2/  Poverty line = food poverty line / (fe/te), where fe and te are the food expenditure and total expenditure of the poor group; the poor group may be plus or minus 10 percentiles of the previous poverty line in the income expenditure distribution. The fact is that 0<fe/te<1 tends to impart more volatility or instability on the poverty line than if the poverty line is computed as the sum of the food poverty line and the expenditures for a bundle of essential nonfood items.

Box 2. 1984-1988 Poverty Incidence Indonesia and the Philippines

In the 1980s, Indonesia and the Philippines were very similar in many respects based on their socioeconomic indicators. However, their headcount ratios showed an astonishing difference of 37 percentage points, with Indonesian estimates pointing to a much lower poverty incidence. A study that reviewed the methodologies used by the two countries in deriving their poverty estimates revealed that the way the nonfood component was computed in the poverty line contributed largely to the discrepancy (Asra and Virola 1992). In Indonesia, the Central Bureau of Statistics used a certain percentage of the food poverty line to account for the nonfood component. The percentage adjustment was derived as the proportion of the expenditure on a fixed bundle of basic nonfood items to total expenditure of the class where the food poverty line lies. In the Philippines, the total poverty line was calculated by dividing the food poverty line with the ratio of food expenditure to total expenditure. Indonesia's poverty line was 11 percent more than the food poverty line while it was 87 percent for the Philippines. Using the survey records, the study then recalculated Indonesia's poverty incidence by adopting as closely as possible the methodology used by the Philippines. The results showed that only between 4 and 8 percentage points separated the two estimates. This underscored the risks in comparing the countries' poverty estimates, as well as the need for caution in interpreting and using the countries' own estimates.

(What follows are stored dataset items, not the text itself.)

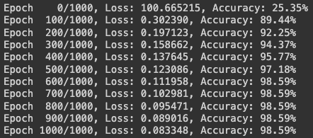 print(f'Epoch {epoch:4d}/{epochs}, Loss: {loss:.6f}, Accuracy: {accuracy:.2f}%')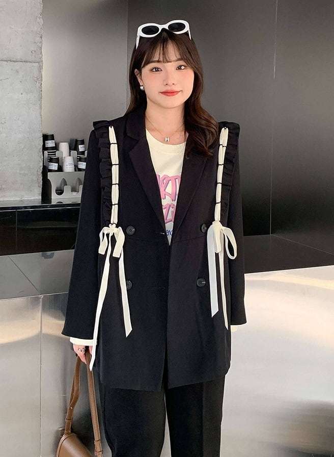 ホワイトダブルリボン フリルジャケット ブラック JK00007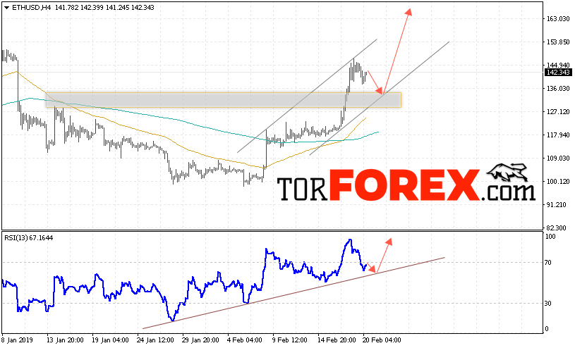 Дополнительным сигналом в пользу роста котировок ETH/USD выступит тест восходящей линии тренда на индикаторе относительной силы. А также отскок от нижней границы восходящего канала. Отменой варианта подъёма криптовалюты станет падение и пробой уровня 125. Это укажет на пробой поддержки и продолжение падения котировок ETH/USD ниже уровня 105. С пробоем области сопротивления и закрытием котировок выше уровня 150 стоит ожидать ускорения развития восходящего движения по Ethereum.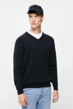 Jersey básico cuello pico en 100% algodón .Puños y bajos en canalé .Proyecto RECONSIDER.

The World Bank has proposed $1/person/day at 1985 PPP prices as an international poverty line (World Bank 1990, Ravallion et al. 1991). The idea has gained the attention of analysts and international agencies because of its pioneering nature. However, it is not clear whether it has gained acceptance in individual countries. Some familiarity with its beginning and empirical underpinning could help potential users decide on its merits. The starting points are the countries' poverty lines that were converted to a common currency using PPP indexes based on consumption data in 1985 prices, indicated as z in $/person/month. The mean per capita private consumption, indicated as u (also in $/person/month in 1985 PPP prices), were likewise derived from the individual countries' national accounts data. Ordinary least squares regression of log(z) on (u and u2) provided a good fit to the data. Assuming that the u's are reasonably accurate, their strong empirical relationship with the z's implies that the z's are accurate as well. Somalia and India are at the bottom of this relationship, with z at $23/person/month, which may be interpreted as the line of extreme absolute poverty; further up the regression line is a group of countries (Bangladesh, Indonesia, Kenya, Morocco, Nepal, and Tanzania) that clusters around $31/person/month, a more generous and representative absolute poverty line. The next step is to fit a Lorenz curve on the monthly income or expenditure (survey) data of each country, likewise adjusted to 1985 prices, and then estimate the headcount ratio corresponding to $31/person/month (or any income point) or $1/person/day.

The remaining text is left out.